§ **Exercise objective**
From the records below, copy out exactly the lines from the one containing "Ohrstecker 18 kt" to the one containing "Высокая белая обувь", both included. Add nothing else.

[Dataset records]
************
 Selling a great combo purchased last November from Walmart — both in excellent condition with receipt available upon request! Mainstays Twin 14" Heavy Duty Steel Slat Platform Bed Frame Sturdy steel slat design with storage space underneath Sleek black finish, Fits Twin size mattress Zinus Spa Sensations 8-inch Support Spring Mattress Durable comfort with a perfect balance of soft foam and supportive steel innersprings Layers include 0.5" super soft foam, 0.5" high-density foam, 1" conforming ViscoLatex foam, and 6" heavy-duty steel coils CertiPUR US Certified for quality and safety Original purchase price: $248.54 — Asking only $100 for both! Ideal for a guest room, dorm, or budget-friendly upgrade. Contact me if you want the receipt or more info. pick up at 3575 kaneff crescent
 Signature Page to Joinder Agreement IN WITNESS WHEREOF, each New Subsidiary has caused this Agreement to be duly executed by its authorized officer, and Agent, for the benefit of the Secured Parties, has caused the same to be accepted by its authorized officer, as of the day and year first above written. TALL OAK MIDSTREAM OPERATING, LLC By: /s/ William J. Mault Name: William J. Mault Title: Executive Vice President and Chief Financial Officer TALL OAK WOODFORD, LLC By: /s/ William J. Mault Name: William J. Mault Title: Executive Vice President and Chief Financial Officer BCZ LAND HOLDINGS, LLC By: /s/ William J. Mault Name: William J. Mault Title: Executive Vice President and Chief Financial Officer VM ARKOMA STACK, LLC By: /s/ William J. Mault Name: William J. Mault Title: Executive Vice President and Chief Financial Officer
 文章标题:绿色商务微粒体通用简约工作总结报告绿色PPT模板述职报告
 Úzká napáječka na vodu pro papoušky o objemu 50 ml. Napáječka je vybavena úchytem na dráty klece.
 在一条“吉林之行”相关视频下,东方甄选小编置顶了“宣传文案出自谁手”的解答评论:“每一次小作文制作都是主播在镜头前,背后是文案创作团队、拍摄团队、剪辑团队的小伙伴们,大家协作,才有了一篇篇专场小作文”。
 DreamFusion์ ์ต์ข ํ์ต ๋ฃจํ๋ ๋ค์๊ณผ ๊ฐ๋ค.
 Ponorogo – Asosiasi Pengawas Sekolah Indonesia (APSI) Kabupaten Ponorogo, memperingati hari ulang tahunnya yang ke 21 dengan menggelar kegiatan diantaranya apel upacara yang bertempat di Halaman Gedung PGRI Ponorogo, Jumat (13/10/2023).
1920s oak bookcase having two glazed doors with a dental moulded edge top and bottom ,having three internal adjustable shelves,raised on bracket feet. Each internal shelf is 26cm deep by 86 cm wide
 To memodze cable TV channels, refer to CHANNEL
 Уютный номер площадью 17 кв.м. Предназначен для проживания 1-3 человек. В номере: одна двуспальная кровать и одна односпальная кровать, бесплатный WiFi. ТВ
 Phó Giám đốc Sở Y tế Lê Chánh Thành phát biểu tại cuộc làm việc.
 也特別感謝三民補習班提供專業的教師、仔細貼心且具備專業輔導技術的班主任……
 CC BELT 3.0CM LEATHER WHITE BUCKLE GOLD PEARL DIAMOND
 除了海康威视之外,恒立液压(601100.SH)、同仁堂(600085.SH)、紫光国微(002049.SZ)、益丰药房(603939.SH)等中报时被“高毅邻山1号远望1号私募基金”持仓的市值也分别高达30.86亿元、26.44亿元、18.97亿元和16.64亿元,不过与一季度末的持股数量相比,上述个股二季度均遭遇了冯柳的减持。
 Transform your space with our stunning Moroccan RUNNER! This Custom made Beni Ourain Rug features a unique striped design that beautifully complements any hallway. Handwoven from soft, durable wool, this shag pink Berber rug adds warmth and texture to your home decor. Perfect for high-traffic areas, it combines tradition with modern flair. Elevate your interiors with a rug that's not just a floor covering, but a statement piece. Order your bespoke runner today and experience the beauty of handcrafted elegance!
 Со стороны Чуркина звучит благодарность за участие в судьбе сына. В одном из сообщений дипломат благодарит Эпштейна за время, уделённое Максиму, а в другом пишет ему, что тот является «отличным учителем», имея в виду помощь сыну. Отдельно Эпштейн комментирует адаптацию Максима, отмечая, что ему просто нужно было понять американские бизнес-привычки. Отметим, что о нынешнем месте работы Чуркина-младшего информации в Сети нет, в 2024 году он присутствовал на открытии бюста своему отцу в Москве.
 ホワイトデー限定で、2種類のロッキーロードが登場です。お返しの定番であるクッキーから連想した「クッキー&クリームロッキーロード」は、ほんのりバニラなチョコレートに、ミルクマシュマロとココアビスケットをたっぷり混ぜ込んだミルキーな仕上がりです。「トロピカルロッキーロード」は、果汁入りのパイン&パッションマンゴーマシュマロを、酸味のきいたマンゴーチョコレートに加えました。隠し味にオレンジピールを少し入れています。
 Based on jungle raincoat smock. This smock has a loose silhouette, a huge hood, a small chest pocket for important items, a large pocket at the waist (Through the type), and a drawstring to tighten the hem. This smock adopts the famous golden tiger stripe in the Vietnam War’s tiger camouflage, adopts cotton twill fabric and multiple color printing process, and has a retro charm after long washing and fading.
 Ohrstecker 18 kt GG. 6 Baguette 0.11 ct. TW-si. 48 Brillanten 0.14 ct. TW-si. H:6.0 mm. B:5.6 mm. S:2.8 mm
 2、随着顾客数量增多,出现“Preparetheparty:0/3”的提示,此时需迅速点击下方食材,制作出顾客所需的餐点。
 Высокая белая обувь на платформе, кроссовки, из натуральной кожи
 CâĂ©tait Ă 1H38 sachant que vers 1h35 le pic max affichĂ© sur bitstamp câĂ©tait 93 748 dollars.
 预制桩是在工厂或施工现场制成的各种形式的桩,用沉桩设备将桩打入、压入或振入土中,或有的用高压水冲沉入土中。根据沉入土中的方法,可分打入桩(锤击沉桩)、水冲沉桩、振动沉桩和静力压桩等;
************
§ **Result for this exercise**
 Ohrstecker 18 kt GG. 6 Baguette 0.11 ct. TW-si. 48 Brillanten 0.14 ct. TW-si. H:6.0 mm. B:5.6 mm. S:2.8 mm
 2、随着顾客数量增多,出现“Preparetheparty:0/3”的提示,此时需迅速点击下方食材,制作出顾客所需的餐点。
 Высокая белая обувь на платформе, кроссовки, из натуральной кожи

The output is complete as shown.